━━━━━ EXERCISE DATA ━━━━━

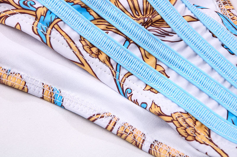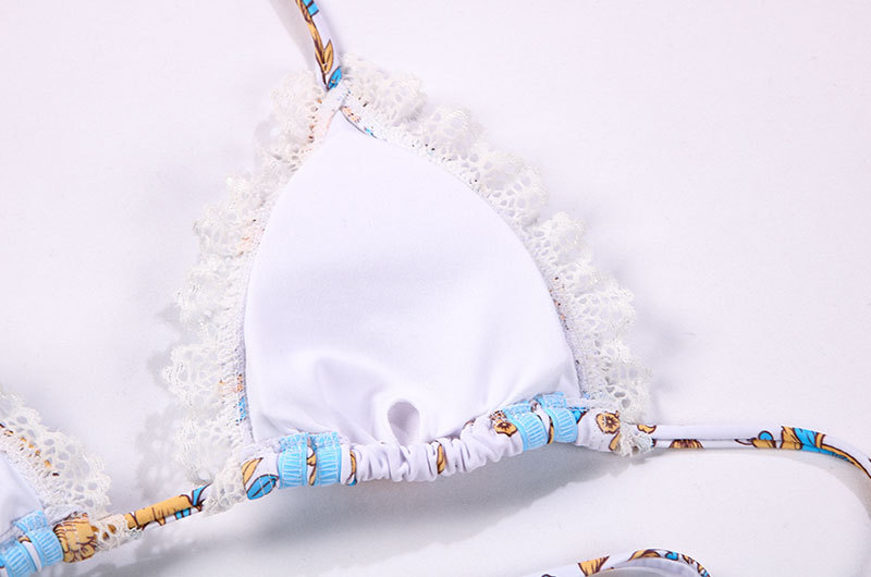 Swimsuit Women Sexy Ribbon Stitching Lace Strap Printing Bikini
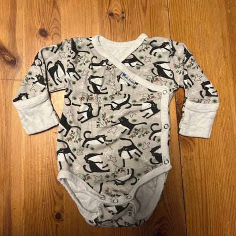 Pinkki suomalainen Jutta kietaisubody (nepparit) koossa 56-62. Todella kätevä, sillä hihat saa käännettyä pieneltä käsien suojaksi. Käytetty, perussiisti ja ehjä
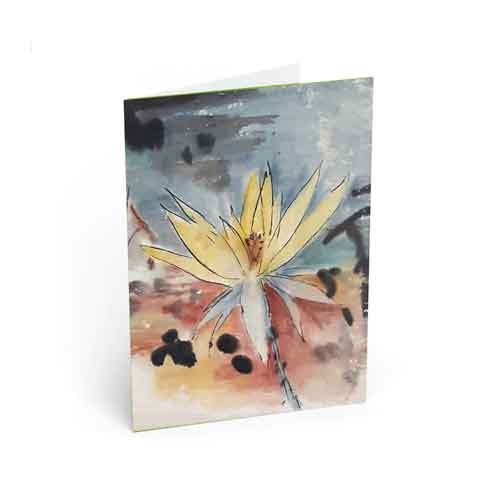 Yellow water lilies cover the wetlands in Florida at certain times of year. They have the same basic shape as the lotus blossom and they, too, rise up out of the mud and the muck and are surrounded by broad leaves. Original ink and watercolour painting by Joon.

━━━━━

ASSIGNED TASK:
Starting with the line that contains "Pinkki suomalainen Jutta", give the lines again exactly as they appear through the last line of the data, pictures excluded.

YOUR RESPONSE:
 Pinkki suomalainen Jutta kietaisubody (nepparit) koossa 56-62. Todella kätevä, sillä hihat saa käännettyä pieneltä käsien suojaksi. Käytetty, perussiisti ja ehjä
 Yellow water lilies cover the wetlands in Florida at certain times of year. They have the same basic shape as the lotus blossom and they, too, rise up out of the mud and the muck and are surrounded by broad leaves. Original ink and watercolour painting by Joon.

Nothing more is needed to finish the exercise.